Record extracts:
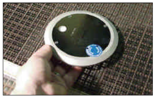
Place DISKURE 365 on conveyor with sensor facing UV light source.
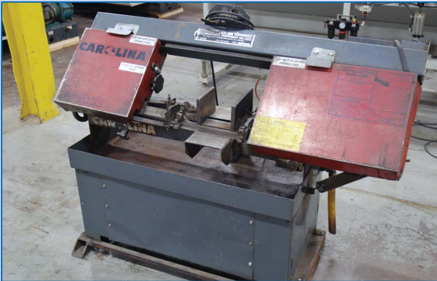
CAROLINA HORIZONTAL BANDSAW
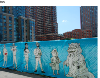
Hunters Point Library Construction Fence by DDC
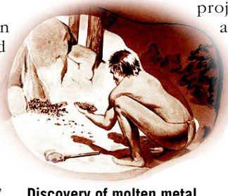
Discovery of molten metal (copper beads in fire)

1646—America's first iron foundry (and second industrial plant), Saugus Iron Works, near Boston, pours the first American casting, the Saugus pot. The Saugus River site was selected by
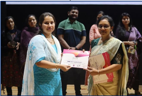
Falcitation by Directors to the Teachers

Exercise instructions: Type the entries above out again exactly, with no pictures.

Solved exercise:
Place DISKURE 365 on conveyor with sensor facing UV light source.
CAROLINA HORIZONTAL BANDSAW
Hunters Point Library Construction Fence by DDC
Discovery of molten metal (copper beads in fire)

1646—America's first iron foundry (and second industrial plant), Saugus Iron Works, near Boston, pours the first American casting, the Saugus pot. The Saugus River site was selected by
Falcitation by Directors to the Teachers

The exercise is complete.